Task directions: Without the pictures, set down every line of the data exactly.

Given information:
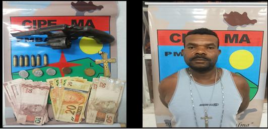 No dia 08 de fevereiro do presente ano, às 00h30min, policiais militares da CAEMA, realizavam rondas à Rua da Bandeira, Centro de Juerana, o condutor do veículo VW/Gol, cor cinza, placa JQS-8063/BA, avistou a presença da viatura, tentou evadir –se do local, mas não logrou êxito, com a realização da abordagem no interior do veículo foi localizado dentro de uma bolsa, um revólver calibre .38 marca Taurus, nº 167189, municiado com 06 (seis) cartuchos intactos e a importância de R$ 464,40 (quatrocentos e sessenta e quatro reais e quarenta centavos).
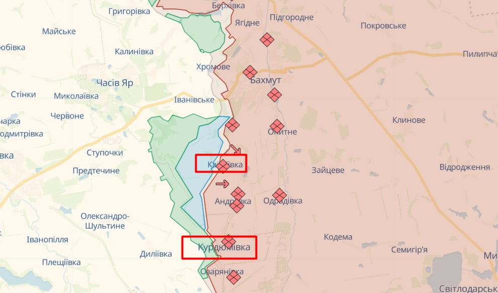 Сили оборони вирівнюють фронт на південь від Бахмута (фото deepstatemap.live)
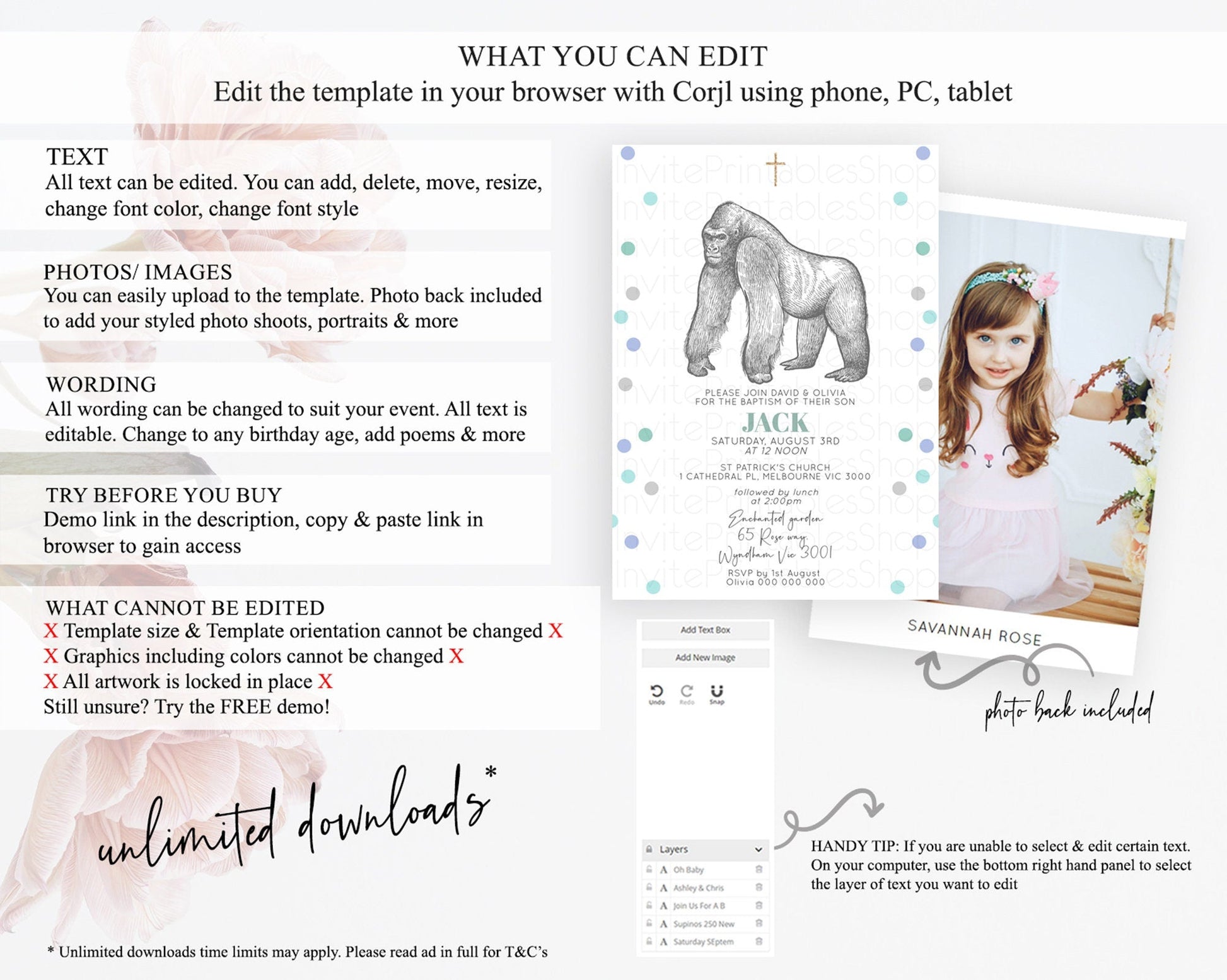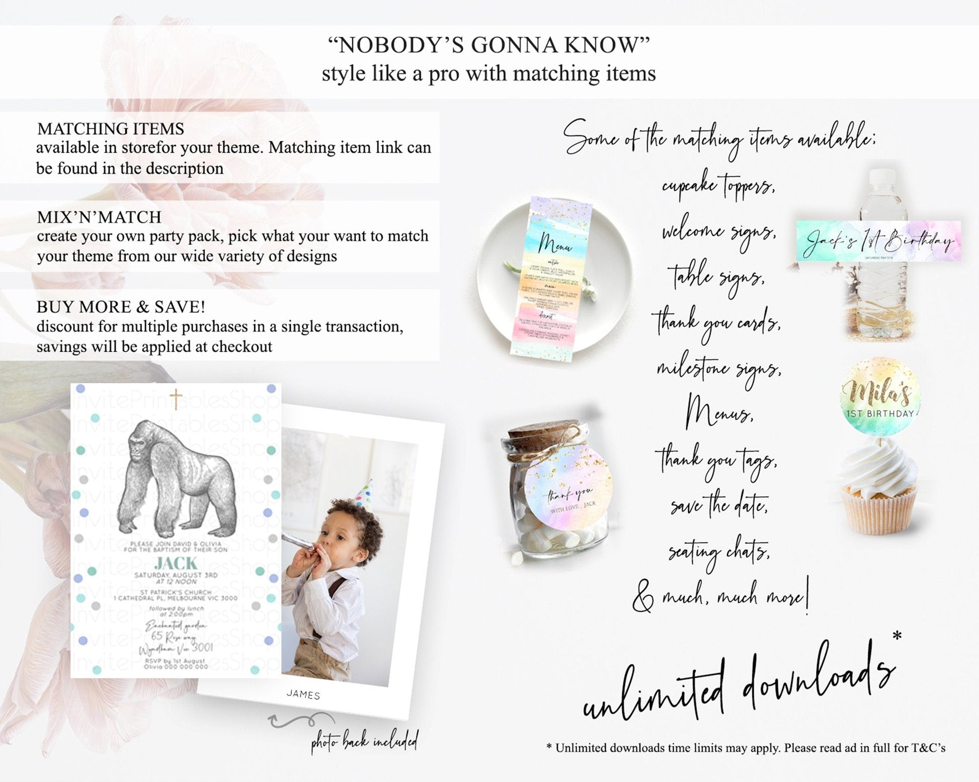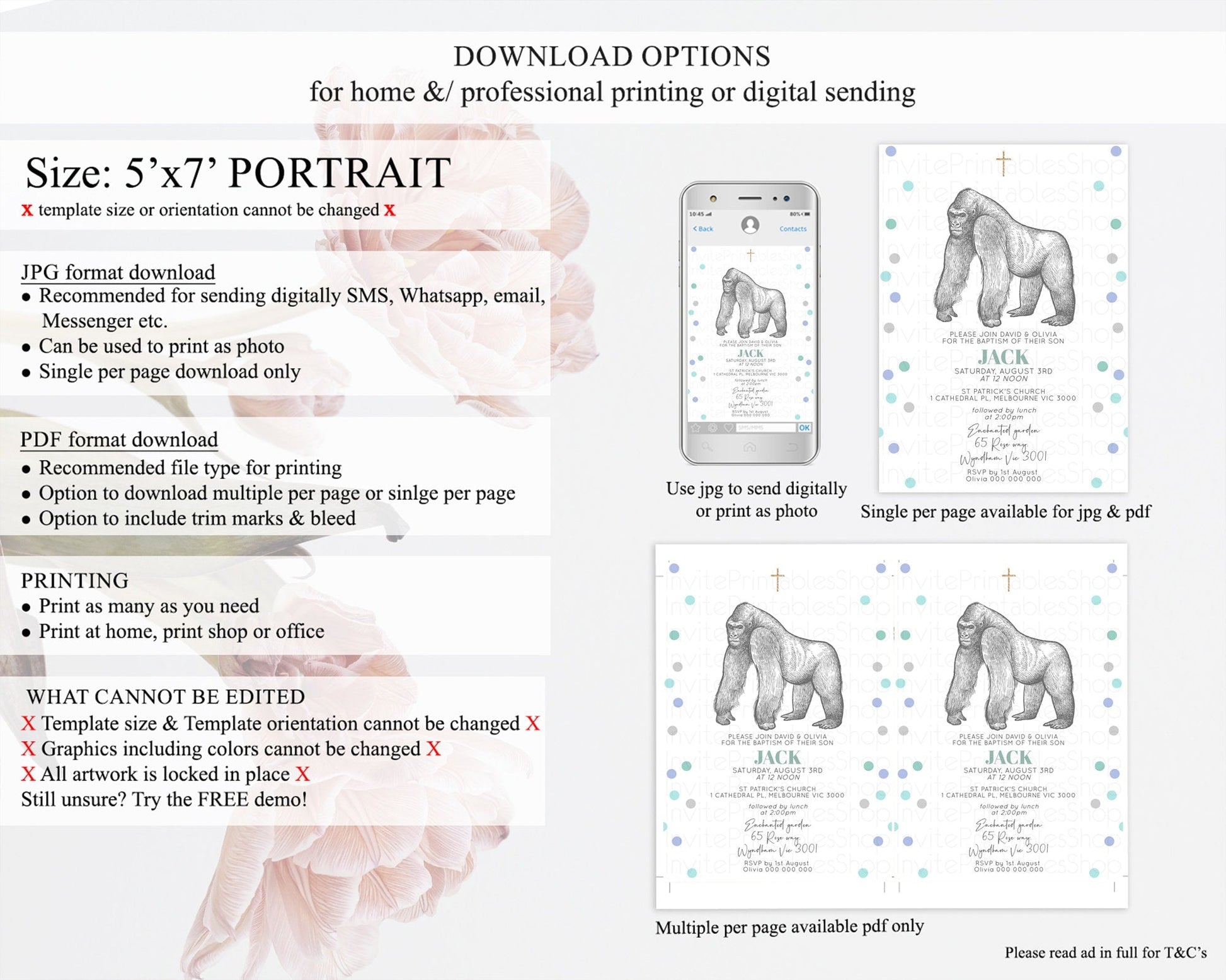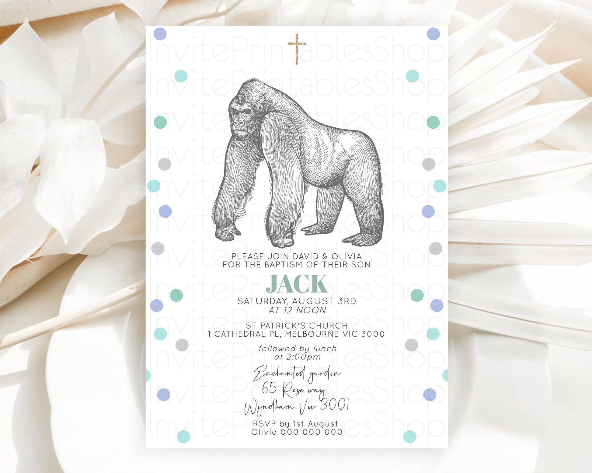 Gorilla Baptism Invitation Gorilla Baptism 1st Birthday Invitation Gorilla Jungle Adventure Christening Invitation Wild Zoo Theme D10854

Answer to this exercise:
 No dia 08 de fevereiro do presente ano, às 00h30min, policiais militares da CAEMA, realizavam rondas à Rua da Bandeira, Centro de Juerana, o condutor do veículo VW/Gol, cor cinza, placa JQS-8063/BA, avistou a presença da viatura, tentou evadir –se do local, mas não logrou êxito, com a realização da abordagem no interior do veículo foi localizado dentro de uma bolsa, um revólver calibre .38 marca Taurus, nº 167189, municiado com 06 (seis) cartuchos intactos e a importância de R$ 464,40 (quatrocentos e sessenta e quatro reais e quarenta centavos).
 Сили оборони вирівнюють фронт на південь від Бахмута (фото deepstatemap.live)
 Gorilla Baptism Invitation Gorilla Baptism 1st Birthday Invitation Gorilla Jungle Adventure Christening Invitation Wild Zoo Theme D10854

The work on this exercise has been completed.